Enabling fstack_clash_protection for arm32 bit, thumb and thumb2 mode
Needs ReviewPublic

Authored by varunkumare99 on Jul 10 2023, 5:56 PM.

Details

Summary

adds stack probing instruction sequence for dynamic stack allocations, VLA's and constant arrays to protect against stack clash attacks.

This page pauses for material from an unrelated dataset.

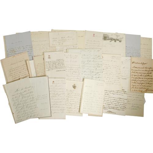 <B>Group of 26 Letters Pertaining to the Bonaparte Family.</B></I> From an old collection as follows:<BR><B>Anna Murat,</B></I> ALS, two pages, on letterhead, 4" x 6.25", with envelope, n.d.;<BR><B>Nicholas, Prince of Nassau,</B></I> ALS, one page, 4" x 6.5", on letterhead, n.d.;<BR><B>Charles, Prince of Hohenzollern,</B></I> ALS, two pages, 4" x 5.75", on letterhead, 1863;<BR><B>Girolemo Bonaparte,</B></I> ALS, two pages, 5" x 8", on letterhead with envelope, 1844;<BR><B>Sebastian,</B></I> ALS, one page, 5" x 7", n.d.;<BR><B>Jacob Luis D'Alba,</B></I> ALS, one page, 5.25 x 8", n.d.;<BR><B>Countess Montejo,</B></I> ALS, one page, 5" x 8", on letterhead, n.d.;<BR><B>Giovacchini Pepoli,</B></I> ALS, one page, 5" x 8", on letterhead, n.d.;<BR><B>Charles of Bourbon,</B></I> ALS, two pages, 5.25" x 8", on letterhead, 1858;<BR><B>Charles, Prince of Monaco,</B></I> ALS, one page, 5.25" x 8", 1852;<BR><B>Hamilton,</B></I> ALS, two pages, 4.25" x 7", n.d.;<BR><B>Maria Hamilton,</B></I> ALS, four pages, 4.5" x 7",on letterhead, 1861;<BR><B>Stephanie Beauhrnais,</B></I> ALS, one page, 5" x 8", n.d.;<BR><B>Giovacchio Murat,</B></I> ALS, one page, 5" x 8", on letterhead, 1855;<BR><B>Lucian Murat,</B></I> ALS, one page, 5" x 8", 1859(?);<BR><B>Duchess of Alba,</B></I> ALS, one page, 5" x 8", n.d.;<BR><B>Frederick, Prince of Hesse,</B></I> ALS, two pages, 5" x 8", on letterhead, 1852;<BR><B>Leopold of Bourbon,</B></I> ALS, one page, 7" x 8.5", n.d.;<BR><B>Maley Murat,</B></I> ALS, one page, 4' x 6", on letterhead, n.d.;<BR><B>Eberhand of Wurtenburg,</B></I> ALS, two pages, 5.5" x 8.5", 1863;<BR><B>Sophia, Daughter of William of Wurtenburg,</B></I> ALS, one page, 5.5" x 8.5", with envelope, 1861;<BR><B>Ismail,</B></I> ALS, one page, 8.5" x 12.5", 1863;<BR><B>Carolina Murat,</B></I> ALS, one page, 8" x 10.5", 1855;<BR><B>Napoleon Baciocchi,</B></I> ALS, two pages, 8" x 10.5", 1852;<BR><B>William, Duke of Brunswick,</B></I> ALS, two pages, 7.25" x 8.5", on engraved English stationery, 1850;<BR><B>Mehmet Ali,</B></I> ALS, one page, 7" x 9", 1856.<BR>Manuscript 19th c. catalog numbers in upper right corner of all letters. Toned, very fine condition.<BR><BR><b>Shipping:</b> Flat Material, Small (<a target="_blank" href="http://www.heritageauctions.com/common/shipping.php">view shipping information</a>)

Depending on the size of the stack allocation, various probing sequences are generated:

  • straight line sequence of subtracts and stores
  • A loop allocating and probing one page size per iteration, plus a single probe to deal with the remainder.
  • A loop which moves the SP down to the target value held in a register, used when the allocation size is not known at compile-time

reference: https://reviews.llvm.org/D96004

Diff Detail

Event Timeline

varunkumare99 created this revision.Jul 10 2023, 5:56 PM
Herald added a project: Restricted Project. · View Herald TranscriptJul 10 2023, 5:56 PM
Herald added a subscriber: hiraditya. · View Herald Transcript
varunkumare99 requested review of this revision.Jul 10 2023, 5:56 PM
Herald added projects: Restricted Project, Restricted Project. · View Herald TranscriptJul 10 2023, 5:56 PM
efriedma added inline comments.Jul 10 2023, 10:21 PM
clang/lib/Driver/ToolChains/Clang.cpp
3460

Why 1024?

llvm/lib/Target/ARM/ARMFrameLowering.cpp
780

Is this relevant? Are the other unmodified uses of emitSPUpdate() relevant?

979

Can we try to unify the Windows/non-Windows codepaths to some extent? Having two independent codepaths each trying to decide when probing is necessary seems likely to lead to bugs.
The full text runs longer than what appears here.